Dangers of Over-Enthusiasm in Licensing under Creative Commons

Michal Koščík, Jaromír Šavelka

Abstract

In this paper we assess the Creative Commons licensing scheme that offers a simple, user-friendly tool to allow anyone to distribute or build upon others' work without the necessity of drafting legal documents. Even a person without any legal education or knowledge of law can use the Creative Commons website to license her work under a professionally drafted license contract. We argue that this user-friendliness has its risks and pitfalls. The licensing procedure itself is perhaps too easy and may create an illusion that nothing can go wrong. But licensing is not as simple as it may appear from the first visit of Creative Commons' website. The most frequent mistake a user can make when using a license under the Creative Commons is to license a work for which he has no legal title. Surprisingly to many users, even the author of the work does not always have the right to license its work under the Creative Commons licensing scheme. We have assessed the most common issues arising out of the situation and suggested possible solutions.

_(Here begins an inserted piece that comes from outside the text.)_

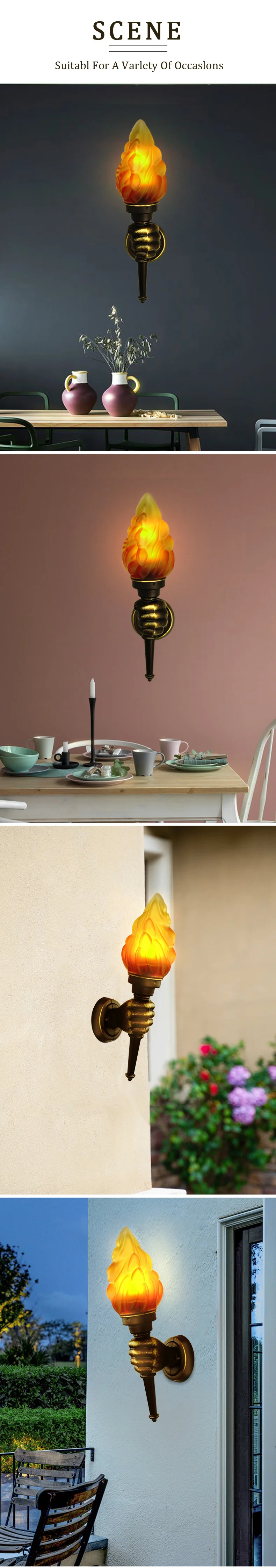 Светильник Настенный в американском стиле ретро, лампа для украшения стен гостиной, балкона, бара, ресторана, ИНН, бра с пламенем для садового фойе, двора, уличное освещение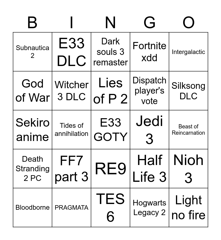 This bingo card has a free space and 24 words: FF7 part 3, PRAGMATA, Lies of P 2, Bloodborne, Intergalactic, Subnautica 2, God of War, E33 DLC, Jedi 3, RE9, Dispatch player's vote, Sekiro anime, Half Life 3, Nioh 3, Witcher 3 DLC, Hogwarts Legacy 2, Beast of Reincarnation, Dark souls 3 remaster, Silksong DLC, Tides of annihilation, Light no fire, Death Stranding 2 PC, Fortnite xdd and TES 6.

We demonstrate that alongside the widely debated issues of the Creative Commons licenses compatibility with current copyright laws of various jurisdictions, as well as the compatibility of the licenses among themselves, a much deeper problem is inherent to the system. It persuades wide range of users with no legal background that it is possible to safely enter into highly complex legal relationships without proper information and assistance. This results in incorrect use of the Creative Commons licenses and countless number of people unintentionally infringing copyright. The situation left unattended may very well lead to the breakdown of the whole Creative Commons system. Indeed, this would be extremely unfortunate, considering the undeniable value of the whole system and the effort that has been already put into its creation. We have formulated easy-to-follow advice for common users and public bodies to foster the development of the Creative Commons. Besides, we have also formulated several suggestions on how to improve the current online licensing tool the Creative Commons organization use to offer the licenses. The common denominator of the changes should be the refocus from simplicity to provision of a complete set of information – shift from gung-ho approach to a responsible and ‘well-informed’ user approach.